Problem to work on:
Wherever a picture appears in the listing, leave it out, and copy the rest exactly.

Input data:
****
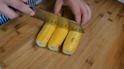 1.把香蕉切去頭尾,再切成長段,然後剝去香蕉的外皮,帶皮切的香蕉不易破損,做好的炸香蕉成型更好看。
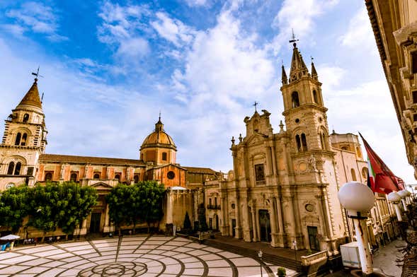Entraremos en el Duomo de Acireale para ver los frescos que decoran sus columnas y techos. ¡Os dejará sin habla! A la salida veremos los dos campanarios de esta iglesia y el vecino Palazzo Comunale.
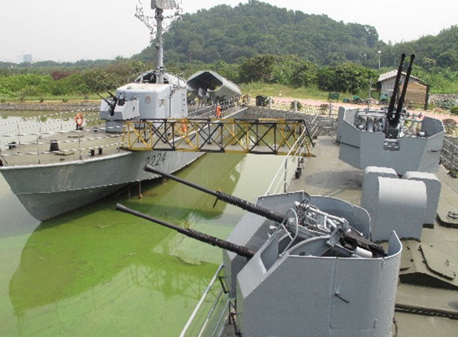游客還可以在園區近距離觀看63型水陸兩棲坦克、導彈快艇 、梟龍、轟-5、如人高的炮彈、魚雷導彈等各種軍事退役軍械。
****
Problem solution:
 1.把香蕉切去頭尾,再切成長段,然後剝去香蕉的外皮,帶皮切的香蕉不易破損,做好的炸香蕉成型更好看。
Entraremos en el Duomo de Acireale para ver los frescos que decoran sus columnas y techos. ¡Os dejará sin habla! A la salida veremos los dos campanarios de esta iglesia y el vecino Palazzo Comunale.
游客還可以在園區近距離觀看63型水陸兩棲坦克、導彈快艇 、梟龍、轟-5、如人高的炮彈、魚雷導彈等各種軍事退役軍械。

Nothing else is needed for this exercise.